Staypineapple
- Formerly: Pineapple Hospitality
- Company type: Private
- Industry: Hospitality
- Founded: 2010
- Headquarters: Kirkland, Washington, United States
- Area served: United States
- Parent: Columbia West Properties
- Website: staypineapple.com

= Staypineapple =

American boutique hotel

Staypineapple, formerly known as Pineapple Hospitality, is an American boutique hotel chain headquartered in Kirkland, Washington.

==History==
Staypineapple traces its roots to Columbia West Properties, a Bellevue-based real estate firm founded by the Barnet family in 1988. In 2008, Columbia West acquired two boutique hotels, the Watertown Hotel and the University Inn, in Seattle's University District. In 2010, Barnet formed Pineapple Hospitality as a hotel management company and opened The Maxwell Hotel near Seattle Center.

In 2011, Pineapple Hospitality acquired and renovated a former Ramada in downtown Seattle, reopening it as Hotel FIVE. By that point, the company operated four boutique hotels in the city.

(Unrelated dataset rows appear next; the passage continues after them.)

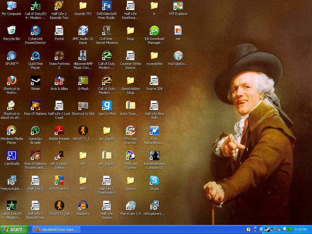 lots of stuff bad about my desktop, one, its cluttered, lots of stuff i dont need, and two, notice how a bunch of steam games are missing their icons, anyone know where my icons went? 0_o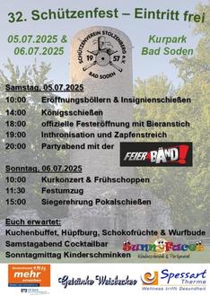 Kommt vorbei zu unserem Schützenfest in den Kurpark von Bad Soden! Unser Traditionsfest findet nur alle 2 Jahre statt, deshalb wäre es schade, wenn ihr es verpasst! Wir freuen uns auf jeden Einzelnen von euch!
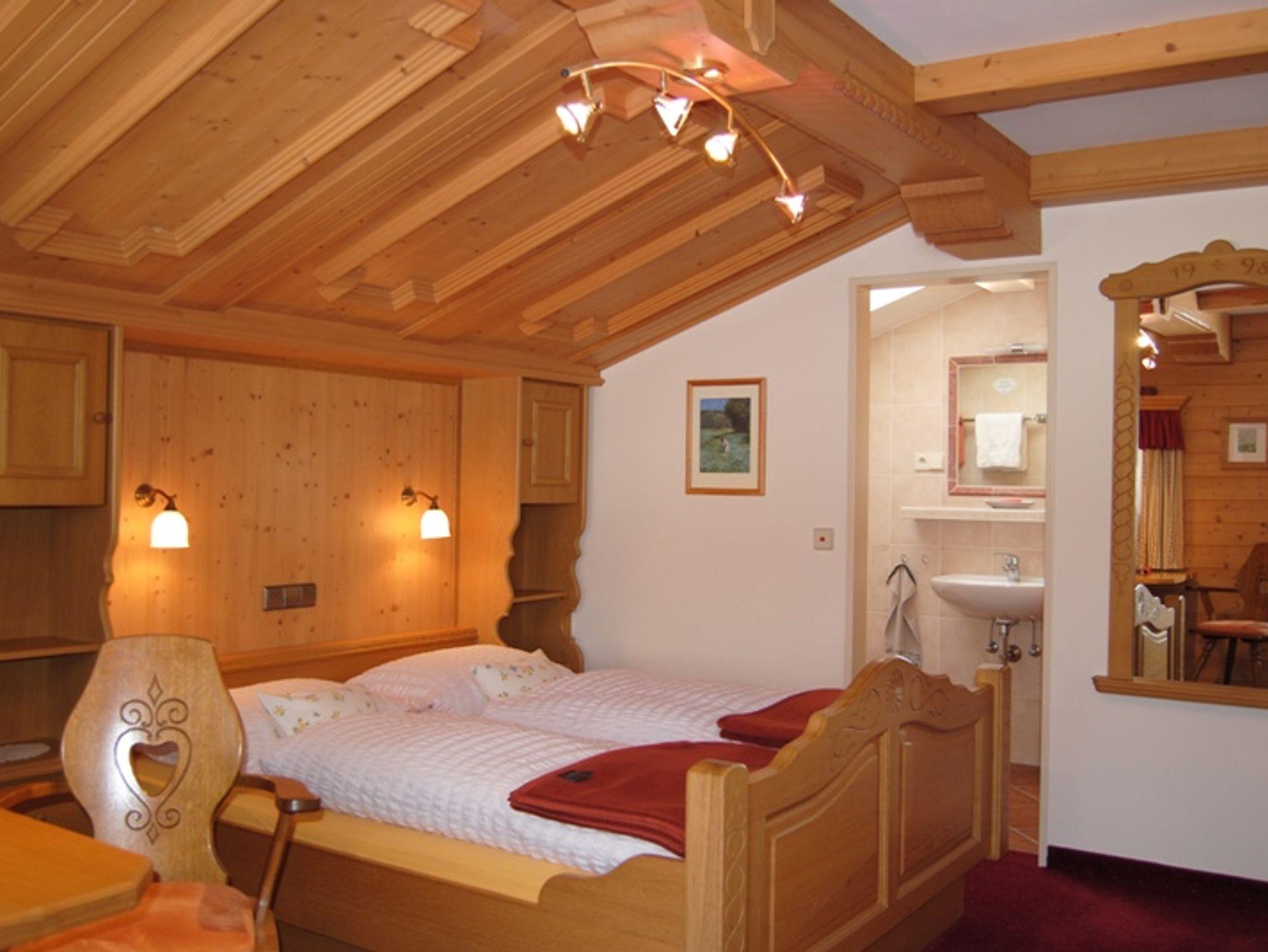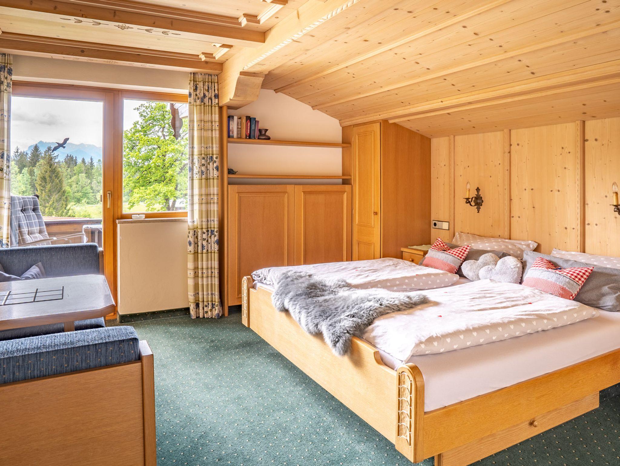 Rustikal eingerichtetes 27 m2 Doppelzimmer mit Balkon in der 2. Etage, aufwändig mit Holzverkleidungen u. Schnitzereien gestaltet, helles Bad: Dusche/WC und Fenster im Dachgeschoß (mit Morgensonne!) - sehr ruhig mit Walmbergblick!
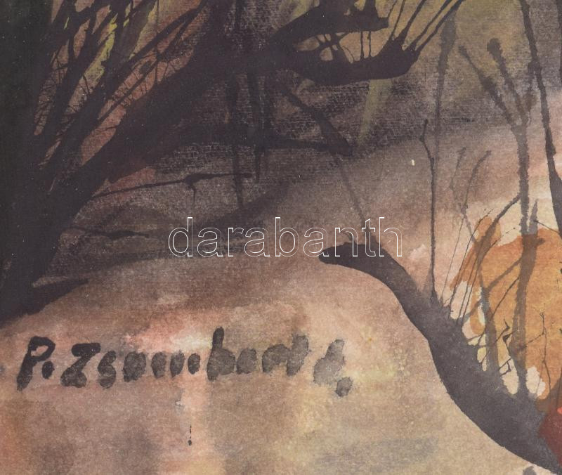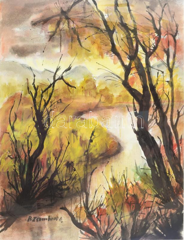 Póka Zsombori Erzsébet (1913-1997): Vízparti erdélyi táj. Akvarell, papír, jelzett. Hátoldalán román kiviteli bélyegzővel. Üvegezett fakeretben. 60x47 cm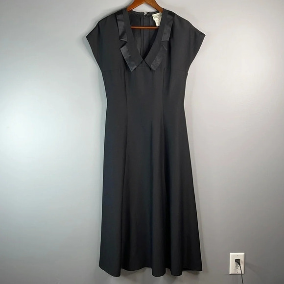 Ladies Black Vintage 90’s Black Wednesday Addams Vibe Northern Traditions Chelsea Collar Calf Length Midi Dress.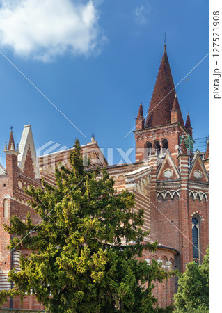 Panoramic exterior view of the medieval Cathedral of Assisi, Italy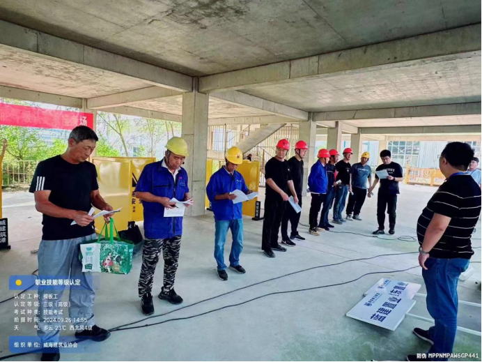 2024年9月26日——27日威海市建筑業(yè)協(xié)會舉辦了建筑行業(yè)職業(yè)技能等級認定考試——(混凝土模板工、鋼筋工)三級。兩個專業(yè)共計43人參與本次考核。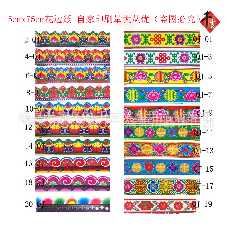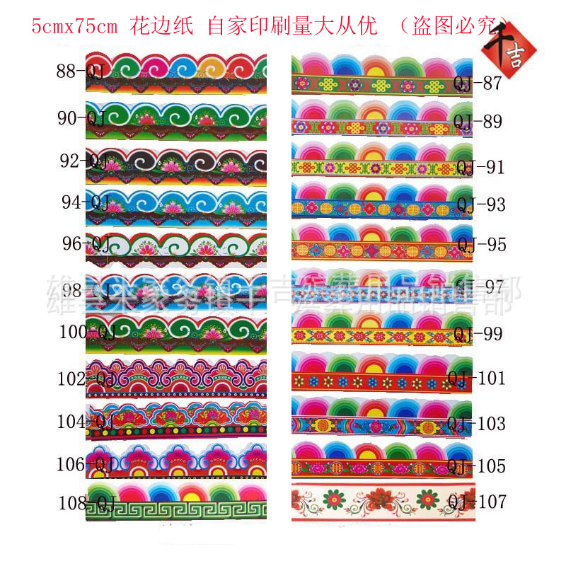 我厂生产印刷的 花边纸,门窗纸、砖瓦纸、及各种花纸、颜色鲜艳,质量可靠,做工精致,欢迎新老客户选购,同样的产品我们比价格,同样的价格我们比质量,是我们千吉人的宗旨!欢迎洽谈选购,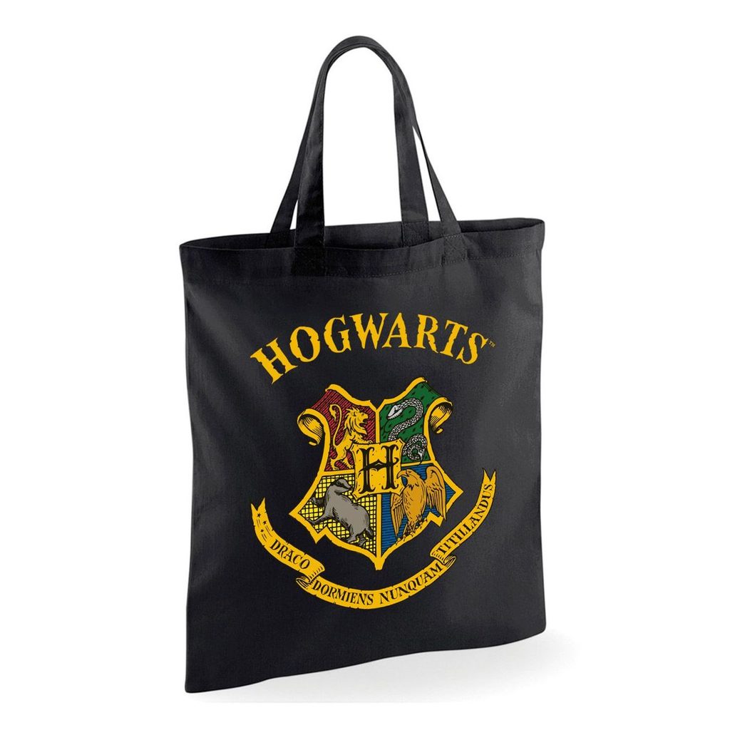 Harry Potter - Hogwarts, black tote bag with the school crest and the school motto "Draco dormiens nunquam titillandus", "Never tickle a sleeping dragon". A useful piece of advice.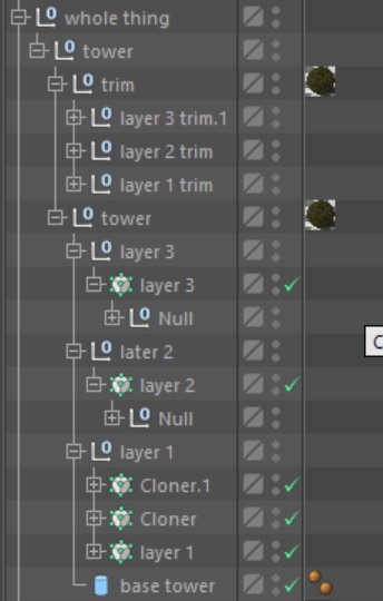 I was shown a method of building structures like castles or whatever using cloners. I can use render instances but that detracts from the look since procedural textures aren't dynamic and repetitions are easily visible. I attached an example of how it's set up. Just a bunch of cloners all grouped in a null so the material applies to everything the same while procedural textures treat it as one massive object.

In 2013, Pineapple Hospitality began expansion outside of Seattle and acquired Hotel Fifty in Portland, Oregon, later renamed as Hotel Rose. In 2015, Pineapple Hospitality entered Southern California with Hotel Z in San Diego's Gaslamp Quarter. Further expansion occurred with the acquisition of the historic Hotel Burnham in Chicago (2017), the Chandler Inn in Boston (2018), and the opening of a New York City property in 2019.

In 2018, Pineapple Hospitality renamed all of its hotels under the Staypineapple brand.

==Operations==
Staypineapple is headquartered in Kirkland, Washington and previously operated as both a hotel owner and management company. Since 2023, it has shifted to third-party management and licensing. Between 2024 and 2025, two original Seattle properties were sold to outside investors while remaining under Staypineapple management.